Een jonge man genaamd Komnatov had een keer onenigheid met zijn
vrouw. De ruzie was ontstaan omdat Komnatov pertinent geweigerd had zijn
schoonvader van het station te halen van wie hij zo'n hartgrondige afkeer had
dat elke keer wanneer zijn schoonvader op bezoek kwam, zijn maag ernstig
van streek raakte. Bij die gelegenheid had Komnatovs echtgenote hemer flink
van langs gegeven. Ze had hem niet alleen onverdiende hatelijkheden toegevoegd,
waaronder er zaten die je van vrouwen gewoon niet kunt verdragen,
maar nadat Komnatov zijn wijsvingers in zijn oren had gestopt had ze hem
ook nog twee maal met haar vuist op zijn rug gestompt. Dat had hem wel zeer
diep gegriefd.
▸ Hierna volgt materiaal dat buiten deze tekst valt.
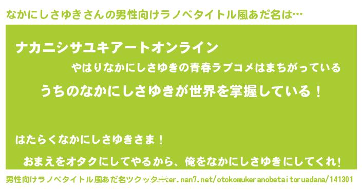 | 胡散臭い通販商品みたいなあだ名 | 『億万長者になれる霊験あらたかなお札…その名も「なかにしさゆき」』 |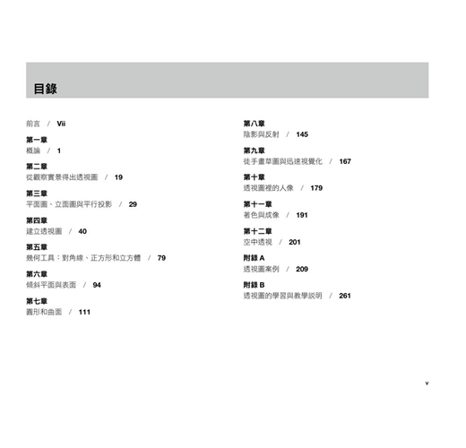 ◎附錄透視圖案例+透視圖的學習和教學建議,設定作業、學習與評量,內容約為大學一學期分量。
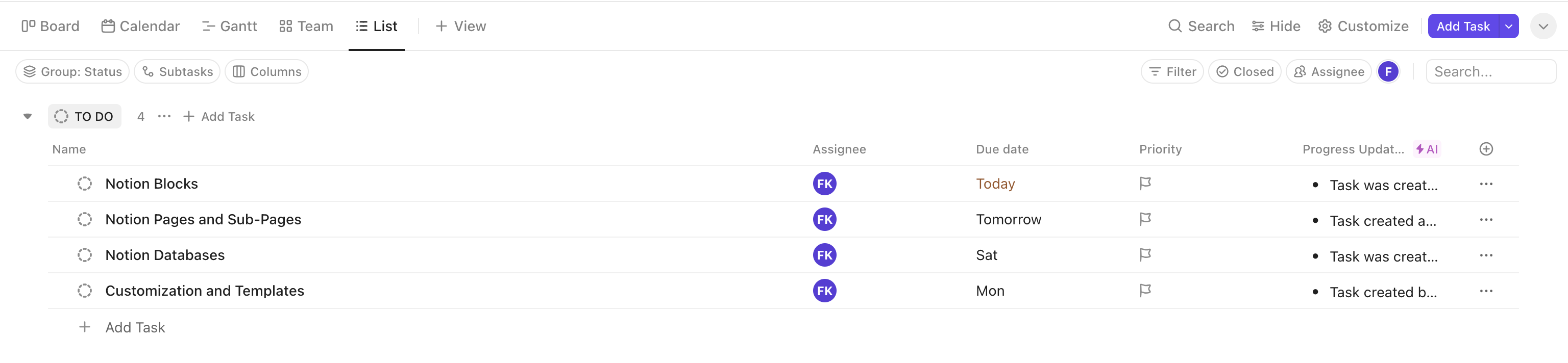 Once you sign up for this or any course, plan all lessons in the free platform ClickUp.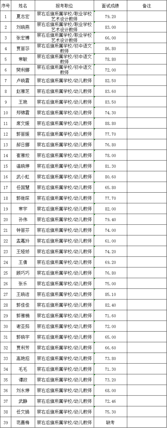 內(nèi)蒙古烏蘭察布市察右后旗2020年普通崗位教師面試成績(jī)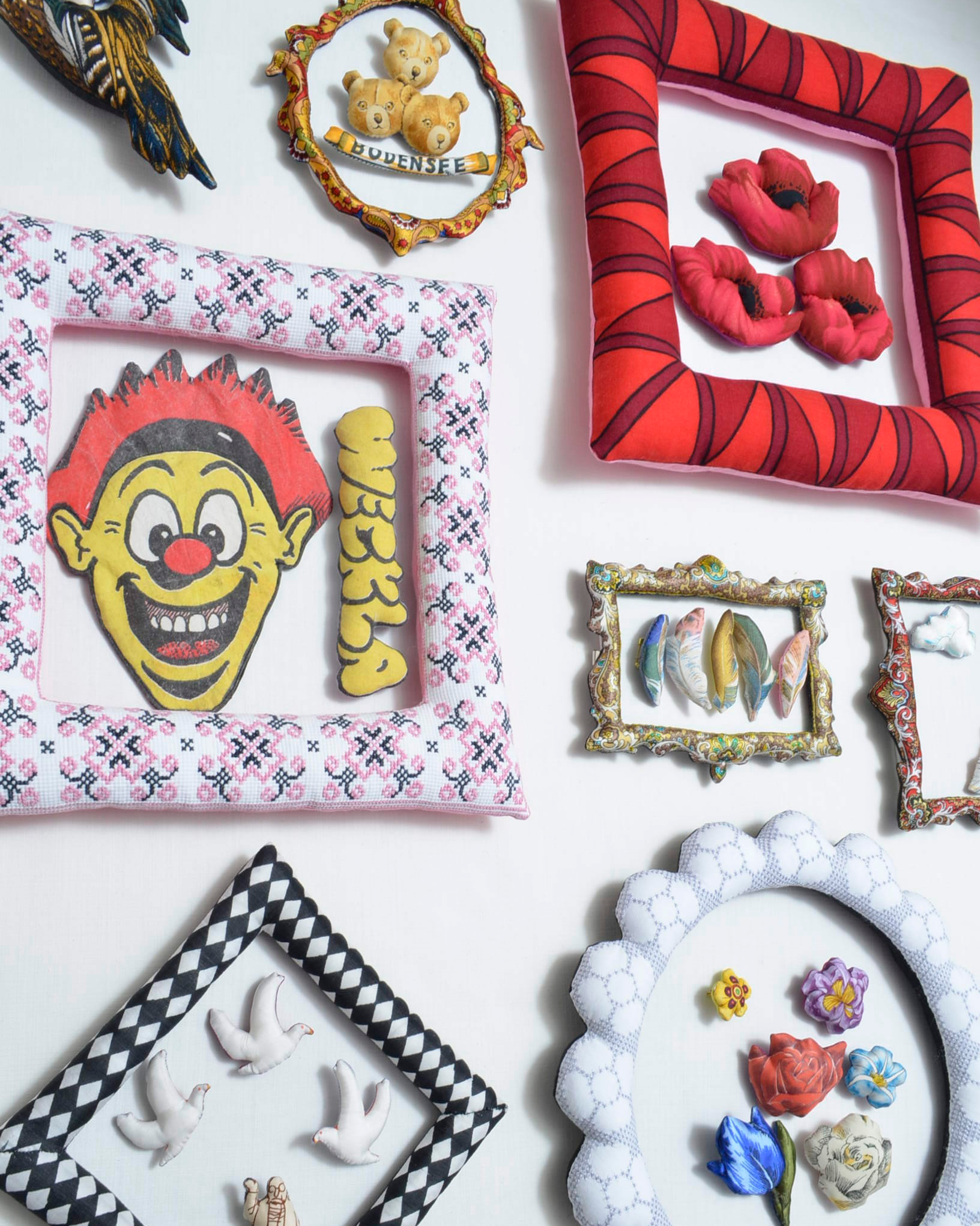 額縁や小さなモチーフとして立体化することで、布が本来持つ輪郭と記憶を新しいかたちへと再構成しています。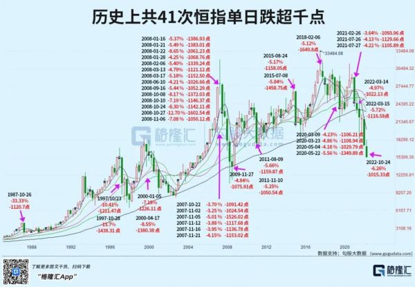 历史上看,港股有史以来,恒指单日跌超千点的情况一共出现过41次(加上本次),基本每次都是伴随着非常重大的背景原因。
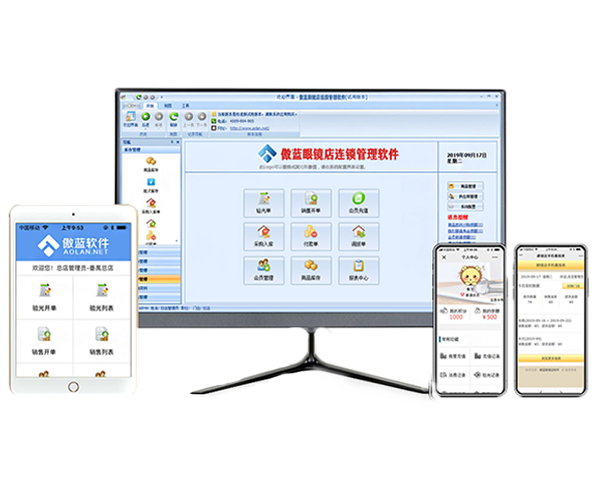 傲藍眼鏡店連鎖管理軟件,支持眼鏡店連鎖、加盟管理,數據實時同步,總部統一掌控,會員資料信息互通共享,多少店都能輕松管理。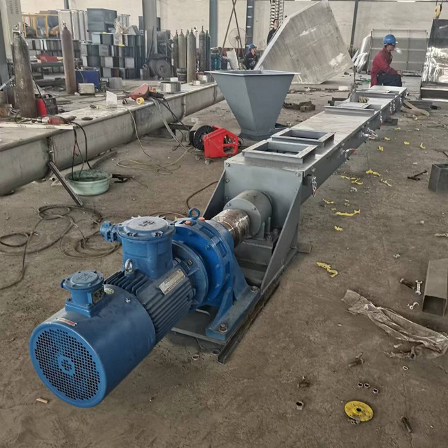 客戶定制螺旋輸送機生產(chǎn)制作完成,聚氨酯內(nèi)襯,防爆變頻電機,一體成型螺旋葉片。

Hij ging naar de badkamer, deed de deur op slot en begon strak
naar zichzelf te kijken in de spiegel. Hij was bitter gestemd. Hij keek zijn spiegelbeeld
aan en had zo'n medelijden met zijn beledigde spiegelbeeld dat er een
drukkend gevoel ontstond in zijn neus. Op dit moment bedacht hij dat je de
helft van je leven met een zogenaamd dierbaar persoon kunt samenleven en
plotseling kunt ontdekken dat deze persoon je in werkelijkheid vreemd is, als
een idealistischewereldbeschouwing.
In de badkamer bleef hij slechts tien minuten, maar in die tijd slaagde hij
erin zijn ziel dusdanig te bezeren dat hij plotseling bedacht ver, ver weg te
zullen gaan, naar een plaats waar ze nog de vogels en de treinen nawuiven.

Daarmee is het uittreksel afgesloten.